BEGIN

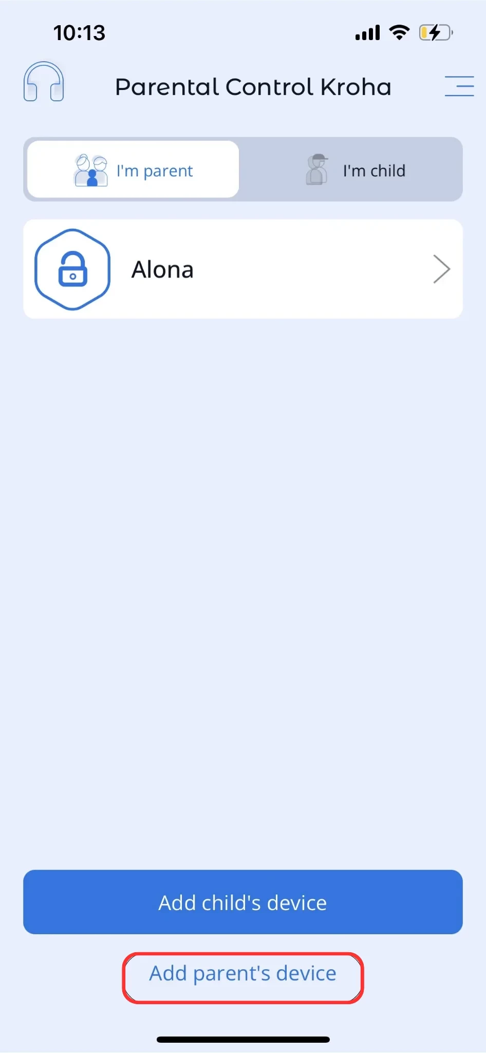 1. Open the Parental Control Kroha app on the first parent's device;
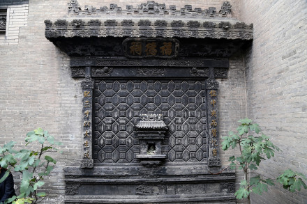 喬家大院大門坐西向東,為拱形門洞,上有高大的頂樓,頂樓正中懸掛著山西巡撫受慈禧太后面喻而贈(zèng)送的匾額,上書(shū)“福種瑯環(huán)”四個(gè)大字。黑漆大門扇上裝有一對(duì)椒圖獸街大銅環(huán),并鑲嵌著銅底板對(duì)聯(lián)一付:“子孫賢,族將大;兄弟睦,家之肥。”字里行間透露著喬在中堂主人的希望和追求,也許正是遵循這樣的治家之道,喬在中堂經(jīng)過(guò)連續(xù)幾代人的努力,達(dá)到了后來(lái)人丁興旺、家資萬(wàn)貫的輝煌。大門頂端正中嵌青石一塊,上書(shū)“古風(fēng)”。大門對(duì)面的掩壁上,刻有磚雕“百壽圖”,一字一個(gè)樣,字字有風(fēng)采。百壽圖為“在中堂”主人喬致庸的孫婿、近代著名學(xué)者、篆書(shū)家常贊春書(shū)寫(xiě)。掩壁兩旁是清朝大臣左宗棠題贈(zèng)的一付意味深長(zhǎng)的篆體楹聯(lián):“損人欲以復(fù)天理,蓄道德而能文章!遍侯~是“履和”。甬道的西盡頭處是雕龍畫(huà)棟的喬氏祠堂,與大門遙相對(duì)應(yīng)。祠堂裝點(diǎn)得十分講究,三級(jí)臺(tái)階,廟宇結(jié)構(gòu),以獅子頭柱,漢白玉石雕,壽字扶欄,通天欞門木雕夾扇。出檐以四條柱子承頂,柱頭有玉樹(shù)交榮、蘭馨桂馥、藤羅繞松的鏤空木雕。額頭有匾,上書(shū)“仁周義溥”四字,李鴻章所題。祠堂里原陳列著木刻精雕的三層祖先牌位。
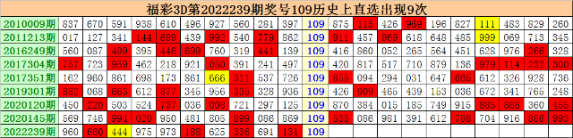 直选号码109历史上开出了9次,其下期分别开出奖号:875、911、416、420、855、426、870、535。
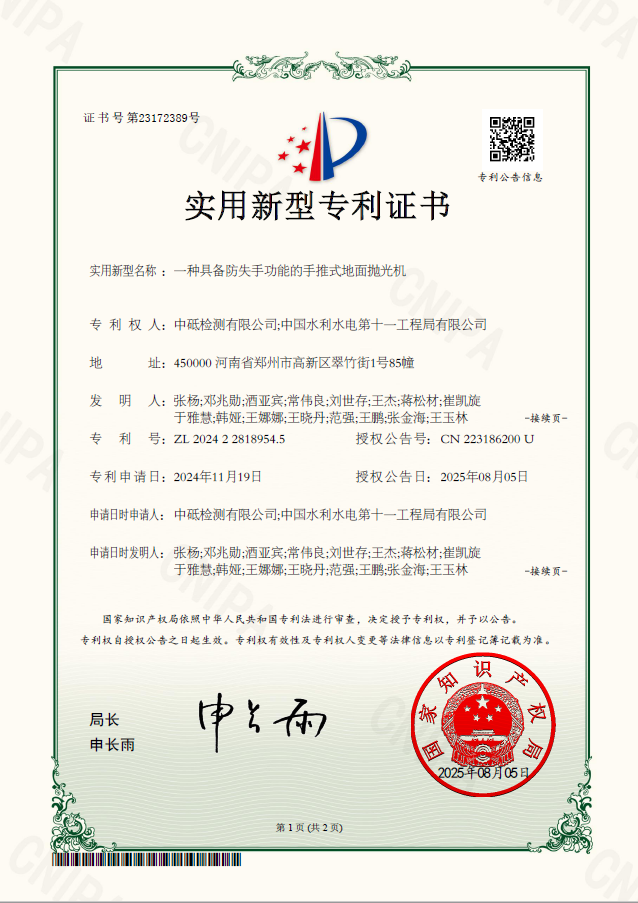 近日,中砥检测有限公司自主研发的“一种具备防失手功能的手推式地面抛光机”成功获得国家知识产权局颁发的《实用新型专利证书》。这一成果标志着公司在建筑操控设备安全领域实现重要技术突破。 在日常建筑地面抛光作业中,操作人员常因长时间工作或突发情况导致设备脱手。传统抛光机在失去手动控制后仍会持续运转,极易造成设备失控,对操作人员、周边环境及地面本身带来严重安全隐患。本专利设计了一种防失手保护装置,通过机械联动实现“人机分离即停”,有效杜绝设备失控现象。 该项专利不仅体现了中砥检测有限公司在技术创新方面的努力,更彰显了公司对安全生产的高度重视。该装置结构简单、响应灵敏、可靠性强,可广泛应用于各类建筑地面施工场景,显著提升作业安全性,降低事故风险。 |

END

Take the lines of the material above from the first through the one containing "喬家大院大門坐西向東,為拱形", both included, and print them exactly without the pictures.

 1. Open the Parental Control Kroha app on the first parent's device;
 喬家大院大門坐西向東,為拱形門洞,上有高大的頂樓,頂樓正中懸掛著山西巡撫受慈禧太后面喻而贈(zèng)送的匾額,上書(shū)“福種瑯環(huán)”四個(gè)大字。黑漆大門扇上裝有一對(duì)椒圖獸街大銅環(huán),并鑲嵌著銅底板對(duì)聯(lián)一付:“子孫賢,族將大;兄弟睦,家之肥。”字里行間透露著喬在中堂主人的希望和追求,也許正是遵循這樣的治家之道,喬在中堂經(jīng)過(guò)連續(xù)幾代人的努力,達(dá)到了后來(lái)人丁興旺、家資萬(wàn)貫的輝煌。大門頂端正中嵌青石一塊,上書(shū)“古風(fēng)”。大門對(duì)面的掩壁上,刻有磚雕“百壽圖”,一字一個(gè)樣,字字有風(fēng)采。百壽圖為“在中堂”主人喬致庸的孫婿、近代著名學(xué)者、篆書(shū)家常贊春書(shū)寫(xiě)。掩壁兩旁是清朝大臣左宗棠題贈(zèng)的一付意味深長(zhǎng)的篆體楹聯(lián):“損人欲以復(fù)天理,蓄道德而能文章!遍侯~是“履和”。甬道的西盡頭處是雕龍畫(huà)棟的喬氏祠堂,與大門遙相對(duì)應(yīng)。祠堂裝點(diǎn)得十分講究,三級(jí)臺(tái)階,廟宇結(jié)構(gòu),以獅子頭柱,漢白玉石雕,壽字扶欄,通天欞門木雕夾扇。出檐以四條柱子承頂,柱頭有玉樹(shù)交榮、蘭馨桂馥、藤羅繞松的鏤空木雕。額頭有匾,上書(shū)“仁周義溥”四字,李鴻章所題。祠堂里原陳列著木刻精雕的三層祖先牌位。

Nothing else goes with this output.